The TMDb Database is a powerful, easy-to-use API. New to the world of APIs? Read below for some tips on how to get started!
By now, the middle of quarantine, it is safe to say that I have watched the majority of movies on Netflix. So you can imagine that I was excited to discover that our first Data Science project would involve analyzing movies! And thus began my process of investigating the TMDb API.
Using tmdbsimple Wrapper
One great thing about the TMDb API is that there is a Python wrapper available, called “tmdbsimple” which simplifies the use of the API. Follow the steps found here to install tmdbsimple using your terminal window, and then create an API key that will allow you to access the database.
Getting Started with the API
My first step was to look at the TMDb documentation, which explains the variety of ways you can explore the data. My first attempt was to try the ‘search’ method to see if I could find movies that were produced by specific company, in this case, Sony Pictures.
Amazing! By using the .Search() method, we were able to include a query for “Sony Pictures” and print the first two results. This is a great start in learning how to use the functions within the tmdb wrapper to search for specific categories of movies!
The next step in my process was to browse the .Discover() method to filter results. The example below uses the discover method to look at all films that were released in 2016.

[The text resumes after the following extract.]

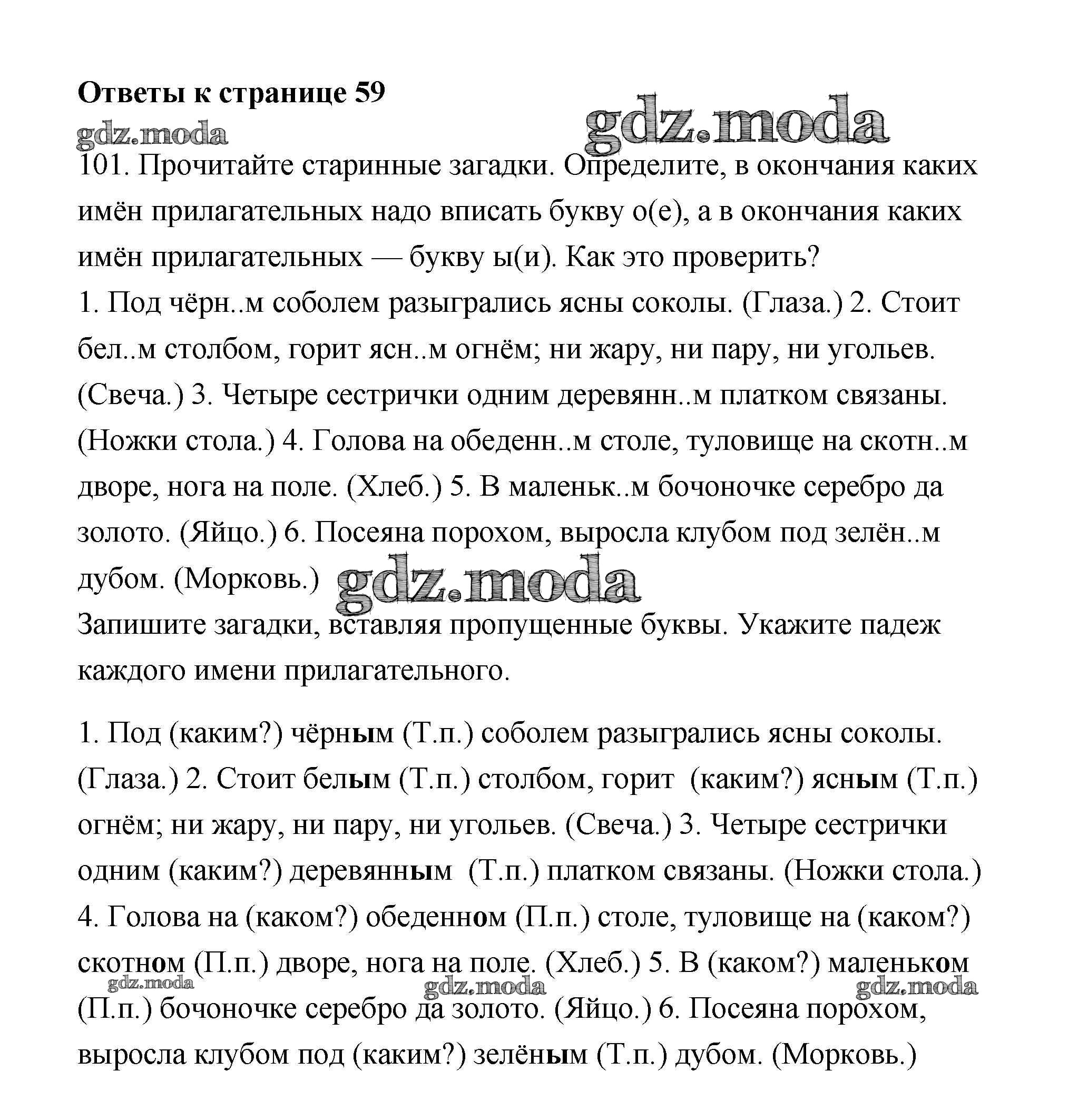 ОТВЕТ на задание № 101 Учебник по Русскому языку 4 класс Климанова Перспектива

The for loop used prints all the titles for the movies that were in response2. However, we then see that the length of all the results in response2 is 20. That doesn’t make sense, there must be more than 20 films that were released in the year 2016 in the database. Therefore, more exploration will be required in order to retrieve a full list of results.
Using the requests.get() method to access larger datasets
Clearly, we will need to implement a pagination method in order to access more than 20 results at a time. Before I began to explore this, I first decided to try to access the API using the requests.get() method and input different URLs to make different API calls. Below is one example of this, where I use the requests.get() method that looks at the top most popular movies:
The requests.get() method provides similar results as to when we used the .Search() and .Discover() methods. There are many ways to alter the URL in the requests.get() method to sort by different results, this is just one of the many ways to use this powerful function!
Next steps: Collecting Data and Pagination
Now for the exciting part — time to extract a larger dataset! Using a URL similar to the one in the example above that selects movies based on popularity, I will paginate through 500 pages (hence the n<500) to create a list called finallist that will hopefully contain 10,000 results.
And voila! The length of finallist is 10,000, meaning that I was successful in pulling a larger dataset. So previously, I was only analyzing one page of data at a time, but now I have 500 pages!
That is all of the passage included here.